Dataset records:
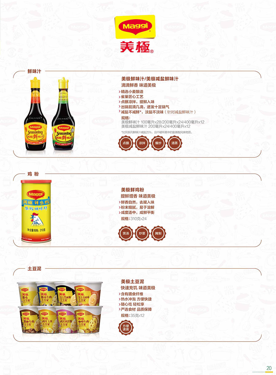 上海太太樂食品有限公司創(chuàng)立于1988年,于1999年加入雀巢,是中國雞精、雞粉行業(yè)標(biāo)準(zhǔn)起草單位之一。秉承“讓十四億人嘗到更鮮美滋味”的企業(yè)使命,太太樂始終致力于鮮味科學(xué)的研究和推廣,持續(xù)帶動鮮味行業(yè)的發(fā)展;產(chǎn)品覆蓋不同系列,多個子品牌,產(chǎn)品規(guī)格達500多個品項。
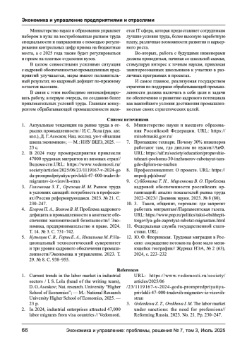 3. Голенкова З. Т., Орехова И. М. Рынок труда в условиях санкций: потребность в профессиях//Россия реформирующаяся. 2023. № 21. С.230-247. EDN: IFWEMR
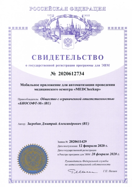 Полученные при создании "MEDCheckup" результаты интеллектуальной деятельности зарегистрированы Роспатентом
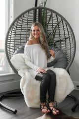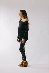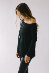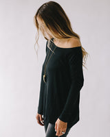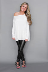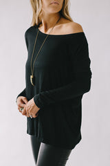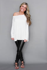 Our off the shoulder top is meant to fit tight around your arms with a boxy loose fit. Can be worn off the shoulder or wide neck...we prefer off the shoulder. Tie up to create a tighter fit or wear loose and tucked into your pants, either way this is the perfect go to top!
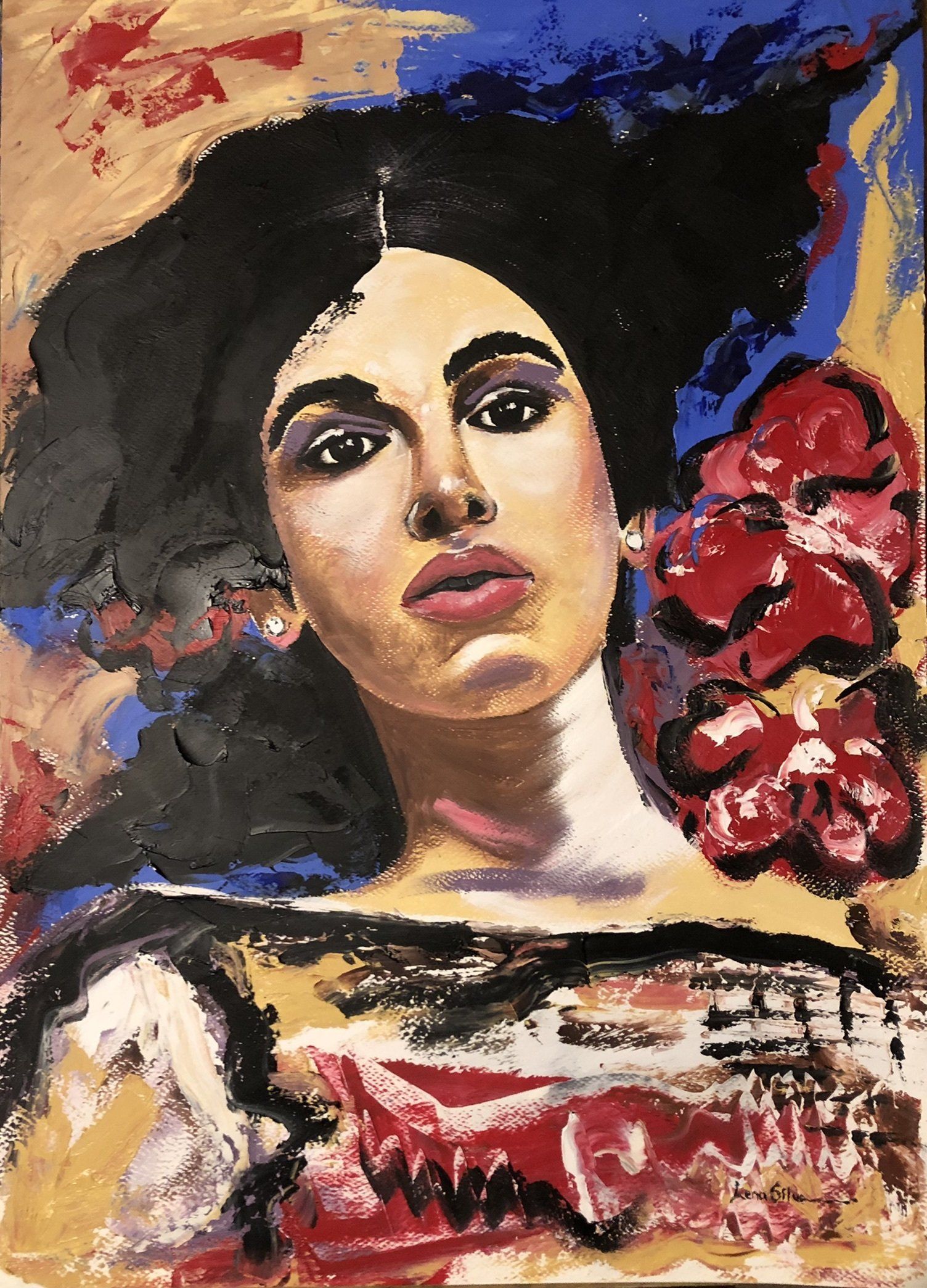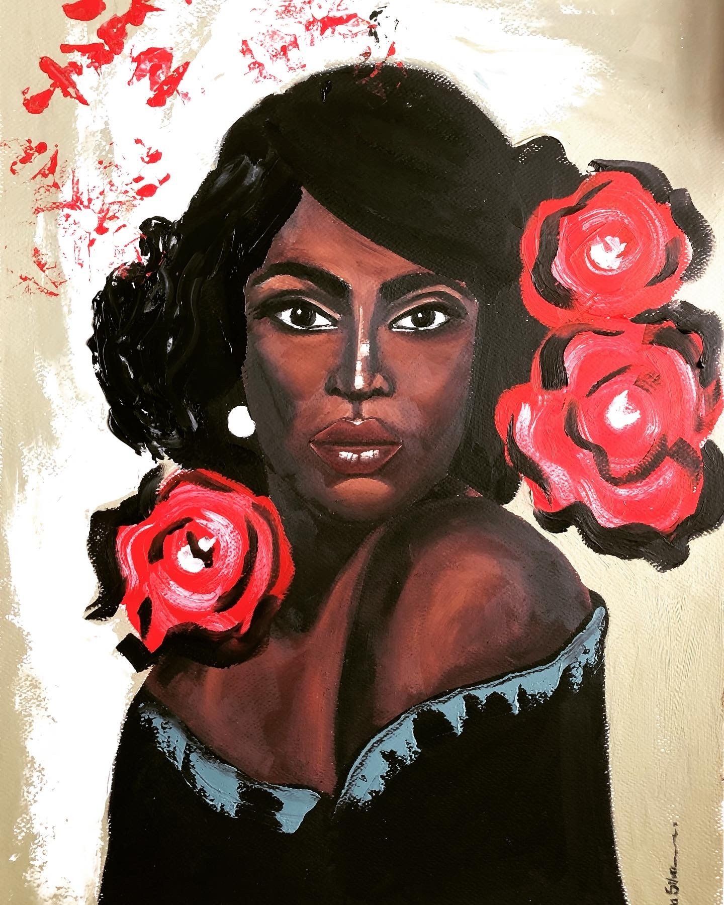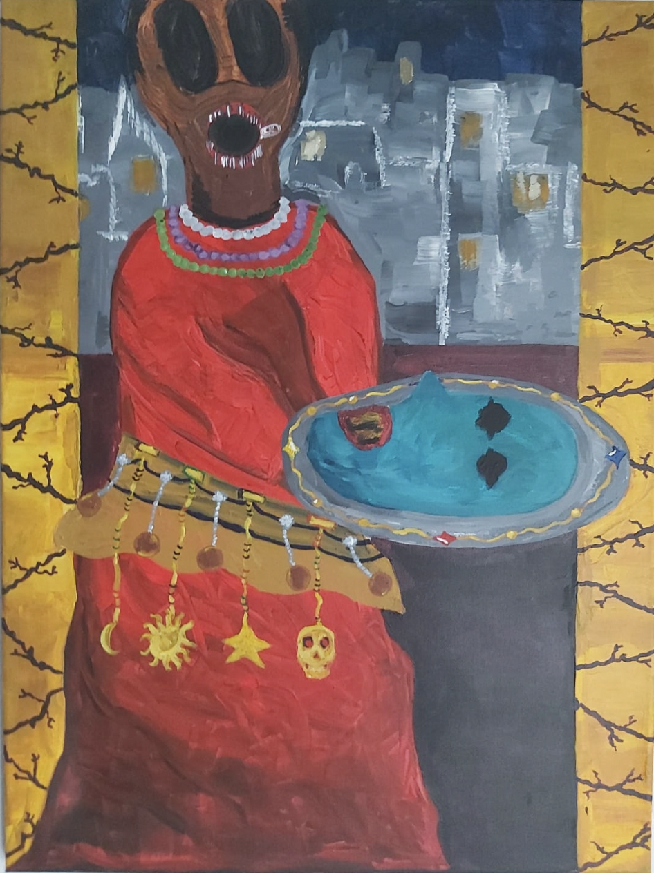 Gladys Abrahante, Ms. Wilson - This piece was inspired by myself. In general, the perception we have of people is not always accurate. Ms. Wilson represents a woman of power, confidence, beauty, and manipulation at times, but deep inside she is broken with sadness, pain, and suicidal ideation. Even though her wounds are hidden, she masks herself, pertaining that everything is alright and people's perception of her is skewed.
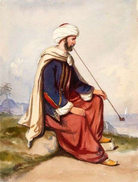 Album amicorum contenant environ dix-sept dessins: Paysage de neige, cavalier oriental d'après Vernet, Pfiferari, Voiliers en mer, Vues et paysages divers...

WHAT THE EXERCISE ASKS: All records must be output exactly as they are, except for the pictures, which are left out.

ANSWER TO THE EXERCISE:
 上海太太樂食品有限公司創(chuàng)立于1988年,于1999年加入雀巢,是中國雞精、雞粉行業(yè)標(biāo)準(zhǔn)起草單位之一。秉承“讓十四億人嘗到更鮮美滋味”的企業(yè)使命,太太樂始終致力于鮮味科學(xué)的研究和推廣,持續(xù)帶動鮮味行業(yè)的發(fā)展;產(chǎn)品覆蓋不同系列,多個子品牌,產(chǎn)品規(guī)格達500多個品項。
 3. Голенкова З. Т., Орехова И. М. Рынок труда в условиях санкций: потребность в профессиях//Россия реформирующаяся. 2023. № 21. С.230-247. EDN: IFWEMR
 Полученные при создании "MEDCheckup" результаты интеллектуальной деятельности зарегистрированы Роспатентом
 Our off the shoulder top is meant to fit tight around your arms with a boxy loose fit. Can be worn off the shoulder or wide neck...we prefer off the shoulder. Tie up to create a tighter fit or wear loose and tucked into your pants, either way this is the perfect go to top!
 Gladys Abrahante, Ms. Wilson - This piece was inspired by myself. In general, the perception we have of people is not always accurate. Ms. Wilson represents a woman of power, confidence, beauty, and manipulation at times, but deep inside she is broken with sadness, pain, and suicidal ideation. Even though her wounds are hidden, she masks herself, pertaining that everything is alright and people's perception of her is skewed.
 Album amicorum contenant environ dix-sept dessins: Paysage de neige, cavalier oriental d'après Vernet, Pfiferari, Voiliers en mer, Vues et paysages divers...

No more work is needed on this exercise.